Source material:
···

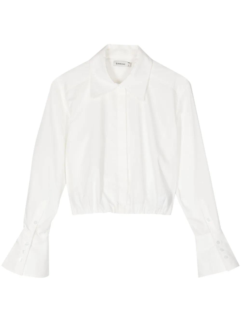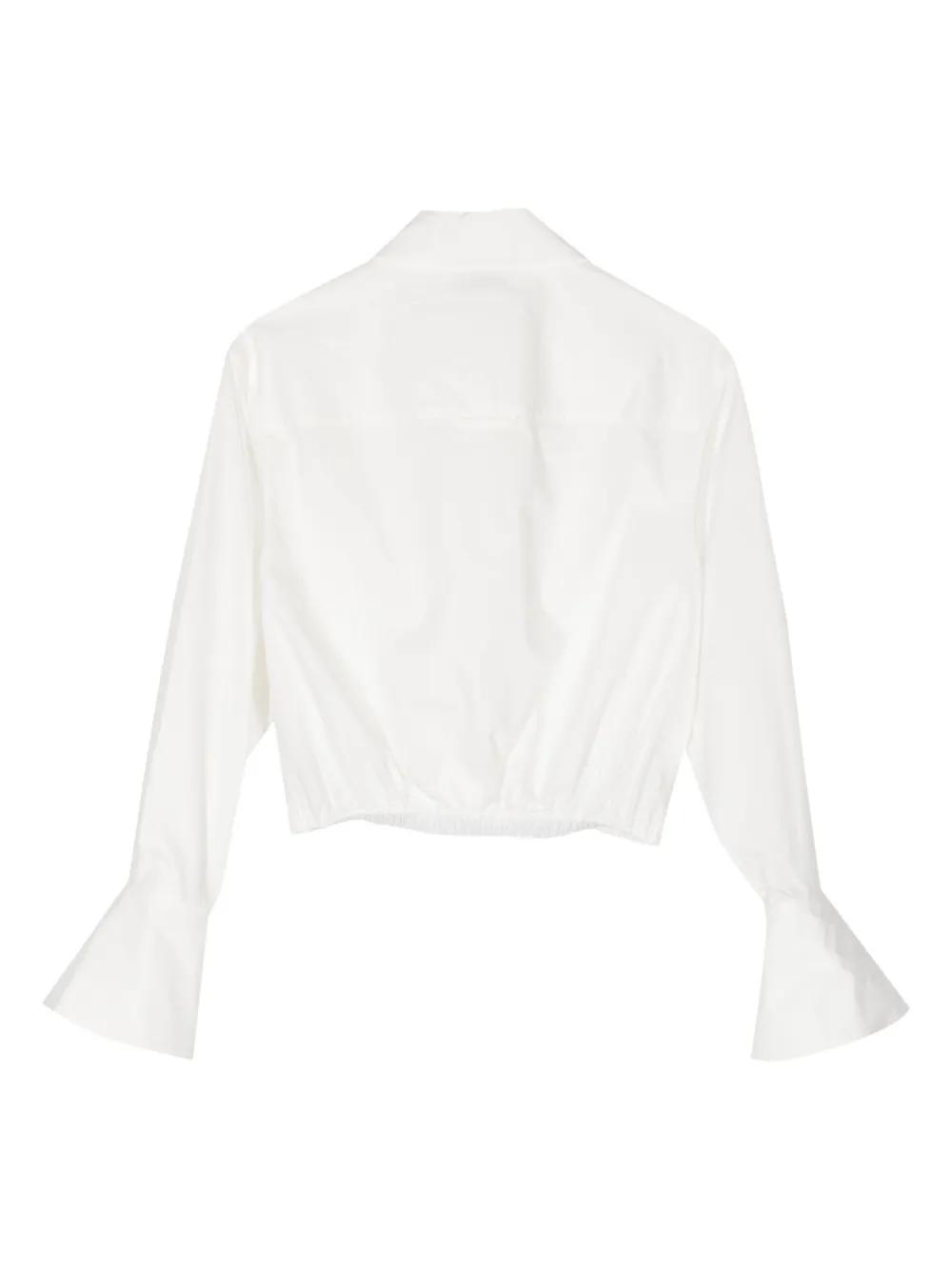 white cotton blend poplin texture straight-point collar front button fastening long sleeves buttoned cuffs flared cuffs elasticated hem cropped
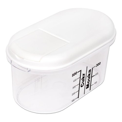 - transparentná dóza s odmerkou vhodná na sypké hmoty - na ukladanie múky, cukru, strúhanky, krupicu ai. - odmerka na múku, cukor, vodu - rozmery 16.5 x 9 x 8 cm - český výrobca - EAN 8590474916300
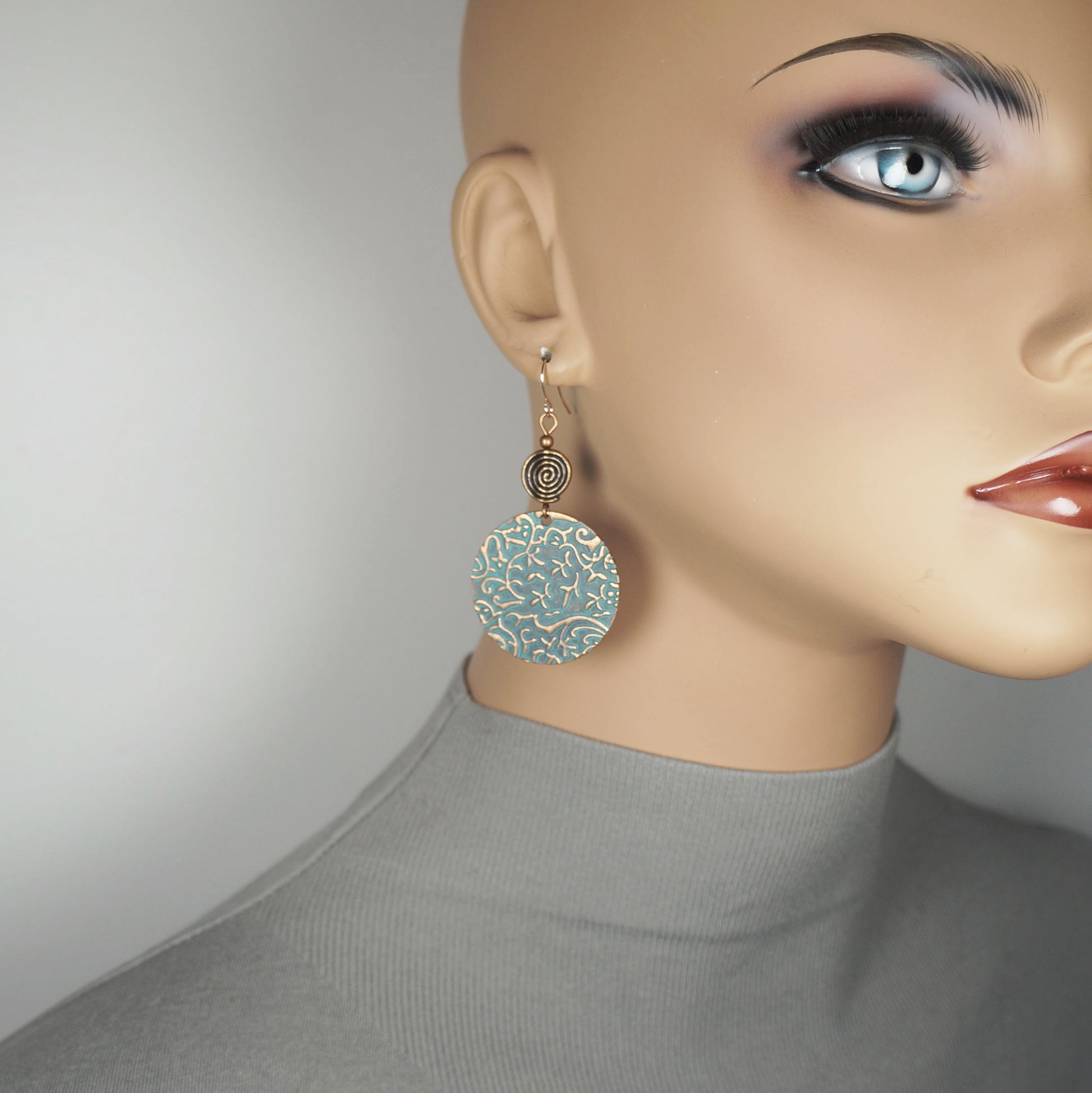 Round Copper Patina Rustic Boho Swirl Statement Dangle Earring, Rose Gold Ear wires

···

Assignment:
Without including the pictures, copy all of the data exactly.

Response to this task:
 white cotton blend poplin texture straight-point collar front button fastening long sleeves buttoned cuffs flared cuffs elasticated hem cropped
 - transparentná dóza s odmerkou vhodná na sypké hmoty - na ukladanie múky, cukru, strúhanky, krupicu ai. - odmerka na múku, cukor, vodu - rozmery 16.5 x 9 x 8 cm - český výrobca - EAN 8590474916300
 Round Copper Patina Rustic Boho Swirl Statement Dangle Earring, Rose Gold Ear wires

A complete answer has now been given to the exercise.